Ubiquitin-associated protein 1 is a protein that in humans is encoded by the UBAP1 gene.

This gene is a member of the ubiquitin-associated domain (UBA) family, whose members include proteins having connections to ubiquitin and the ubiquitination pathway. The ubiquitin associated domain is thought to be a non-covalent ubiquitin-binding domain consisting of a compact three-helix bundle. This particular protein originates from a gene locus in a refined region on chromosome 9 undergoing loss of heterozygosity in nasopharyngeal carcinoma (NPC). Taking into account its cytogenetic location, this UBA domain family member is being studies as a putative target for mutation in nasopharyngeal carcinomas. Truncating Mutations in UBAP1 Cause Hereditary Spastic Paraplegia.

Model organisms 

Model organisms have been used in the study of UBAP1 function.
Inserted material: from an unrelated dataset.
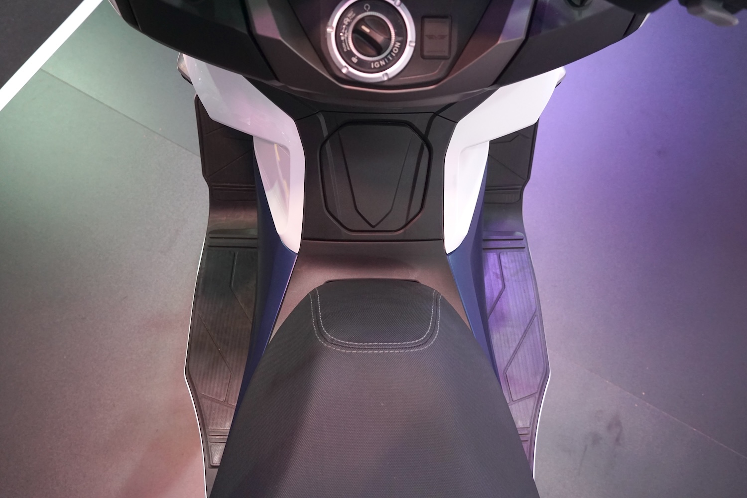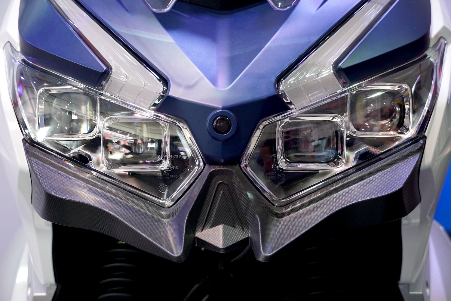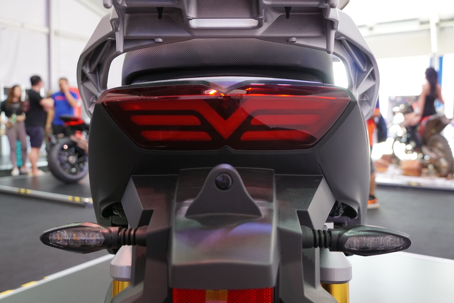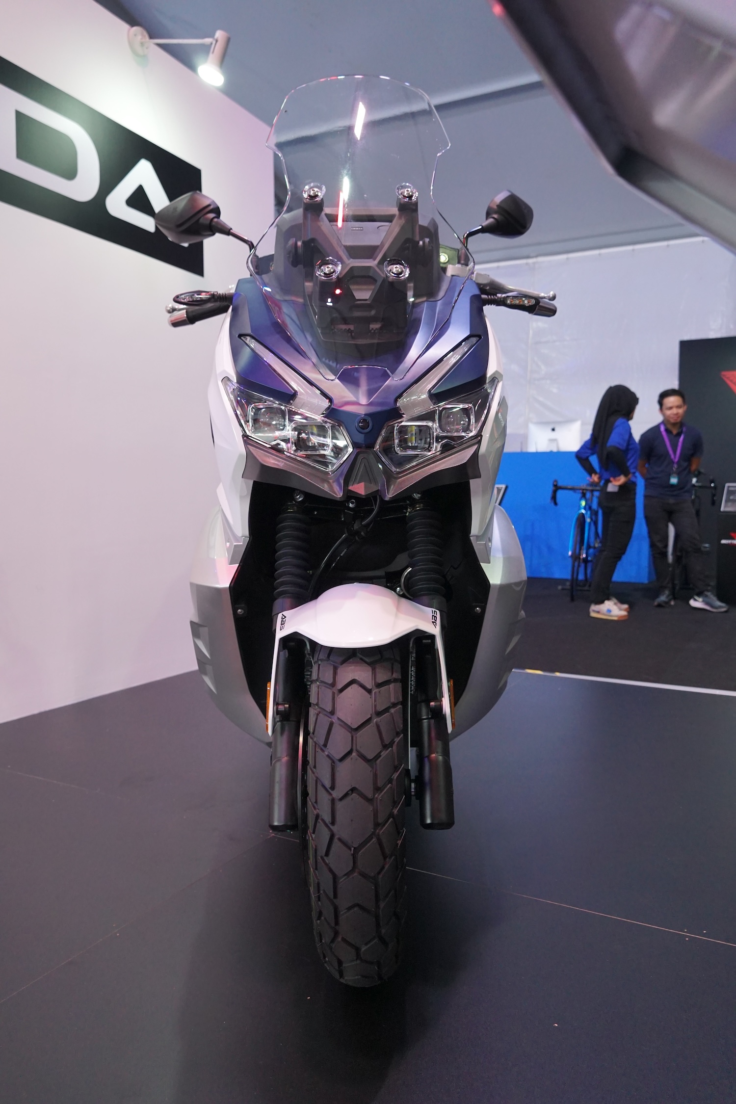 Pertama, ada penampilan skuter misteri berwarna putih biru dengan nama MODA Shifter 400X (2023). Kedua, ada lima model motosikal jenama Kove disusun di satu sudut bersebelahan motosikal MV Agusta.

A conditional knockout mouse line, called Ubap1tm1a(EUCOMM)Wtsi was generated as part of the International Knockout Mouse Consortium program — a high-throughput mutagenesis project to generate and distribute animal models of disease to interested scientists — at the Wellcome Trust Sanger Institute.

Male and female animals underwent a standardized phenotypic screen to determine the effects of deletion. Twenty five tests were carried out and two phenotypes were reported. Fewer homozygous mutant embryos were identified during gestation than predicted, and none survived until weaning. The remaining tests were carried out on heterozygous mutant adult mice; no significant abnormalities were observed in these animals.